For details on thesys/saveasandnotifyparameters, see Save as and Message notifications.
Parameter reference
Clip parameters
Clip parameters are set per /pre or /sur segment. They control which portion of each clip is used before concatenation.
| Parameter | Type | Required | Description |
|---|---|---|---|
o | string | Yes | The OSS object name of the clip. Must be Base64 URL-safe encoded. |
ss | int | No | Start offset within the clip, in milliseconds. 0 (default) starts from the beginning. |
t | int | No | Duration to use from the clip, in milliseconds. 0 (default) uses the clip to the end. |
Transcoding parameters
Transcoding parameters are set at the action level (video/concat,...) and control the output file encoding.
Video
| Parameter | Type | Required | Description |
|---|---|---|---|
ss | int | No | Transcoding start time for the source video, in milliseconds. 0 (default) starts from the beginning. |
t | int | No | Transcoding duration for the source video, in milliseconds. 0 (default) continues to the end. |
f | string | Yes | Output container format. Valid values: mp4, mkv, mov, asf, avi, mxf, ts, flv, webm. |
vcodec | string | Yes | Video codec. Valid values: h264, h265, vp9. mxf and flv do not support h265. |
vn | int | No | Disable the video stream. 0 (default) keeps the video stream. 1 disables it. |
fps | float | No | Output frame rate. Range: 0–240. Defaults to the frame rate of the source video selected by align. |
fpsopt | int | No | Frame rate option when a source clip's frame rate is less than fps. 0: always use target fps. 1: use the lowest source fps. 2: fail the task. Requires fps. |
pixfmt | string | No | Pixel format. Defaults to the format of the source video selected by align. Valid values: yuv420p, yuva420p, yuv420p10le, yuv422p, yuv422p10le, yuv444p, yuv444p10le. |
s | string | No | Output resolution in w x h format. Width and height must be multiples of 2, in the range 64–4096. Example: 1920x1080. |
sopt | int | No | Resolution option when a source clip's resolution is smaller than s. 0: always use target resolution. 1: use the smallest source resolution. 2: fail the task.
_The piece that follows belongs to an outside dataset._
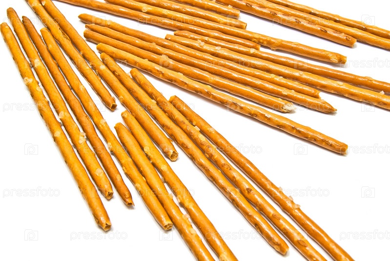 Соленые хлебные палочки на белом фоне

Requires s. |
scaletype | string | No | Scaling method. stretch (default): stretch to fill. crop: scale and crop. fill: scale and pad with black bars. fit: scale to fit, no padding. |
arotate | int | No | Auto-rotate resolution based on video orientation metadata. 0 (default): off. 1: on. |
g | int | No | Group of Pictures (GOP) size. Default: 150. Range: 1–100000. |
vb | int | No | Video bitrate, in bps. Range: 10000–100000000. Mutually exclusive with crf. |
vbopt | int | No | Video bitrate option when a source clip's bitrate is less than vb. 0: always use target bitrate. 1: use the lowest source bitrate. 2: fail the task. Requires vb. |
crf | float | No | Constant rate factor (CRF). Range: 0–51. Lower values produce higher quality. Recommended range: 18–38. Mutually exclusive with vb. |
maxrate | int | No | Maximum bitrate, in bps. Default: 0. Range: 10000–100000000. Requires crf. |
bufsize | int | No | Buffer size, in bits. Default: 0. Range: 10000–200000000. Requires crf. |
Audio
| Parameter | Type | Required | Description |
|---|---|---|---|
acodec | string | Yes | Audio codec. Valid values: mp3, aac, flac, vorbis, ac3, opus, pcm. See codec compatibility notes below. |
an | int | No | Disable the audio stream. 0 (default) keeps the audio stream. 1 disables it. |
ar | int | No | Audio sample rate, in Hz. Defaults to the sample rate of the source video selected by align. Valid values: 8000, 11025, 12000, 16000, 22050, 24000, 32000, 44100, 48000, 64000, 88200, 96000. |
ac | int | No | Number of audio channels. Range: 1–8. Defaults to the channel count of the source video selected by align. |
ab | int | No | Audio bitrate, in bps. Range: 1000–10000000. Mutually exclusive with aq. |
abopt | string | No | Audio bitrate option when a source clip's audio bitrate is less than ab. 0 (default): always use target bitrate. 1: use the lowest source bitrate. 2: fail the task. Requires ab. |
aq | int | No | Audio quality. Range: 0–100. Mutually exclusive with ab. |
adepth | int | No | Audio bit depth. Valid values: 16, 24. Valid only when acodec is flac. |
align | int | No | Index of the video in the concatenation list to use as the default source for transcoding parameters (frame rate, resolution, sample rate, channel count). Default: 0 (the first clip in the list). |
Codec and container compatibility:
| Container | Unsupported codecs |
|---|---|
mp4 | pcm |
mov | flac, opus |
asf | opus |
avi | opus |
mxf | All audio codecs except pcm (audio); h265 (video) |
ts | flac, vorbis, amr, pcm |
flv | flac, vorbis, amr, opus, pcm |
mxf, flv | h265 (video codec) |
Audio codec sample rate and channel constraints:
| Codec | Sample rate constraints | Channel constraints |
|---|---|---|
mp3 | 48000 Hz and below only | Mono or stereo only |
opus | 8000, 12000, 16000, 24000, 48000 Hz | — |
ac3 | 32000, 44100, 48000 Hz | Up to 6 channels (5.1) |
amr | 8000, 16000 Hz only | Mono only |
Segmenting parameters
Use the /segment action to split the concatenated output into HLS (HTTP Live Streaming) or DASH (Dynamic Adaptive Streaming over HTTP) segments. Segmenting supports only mp4 and ts containers.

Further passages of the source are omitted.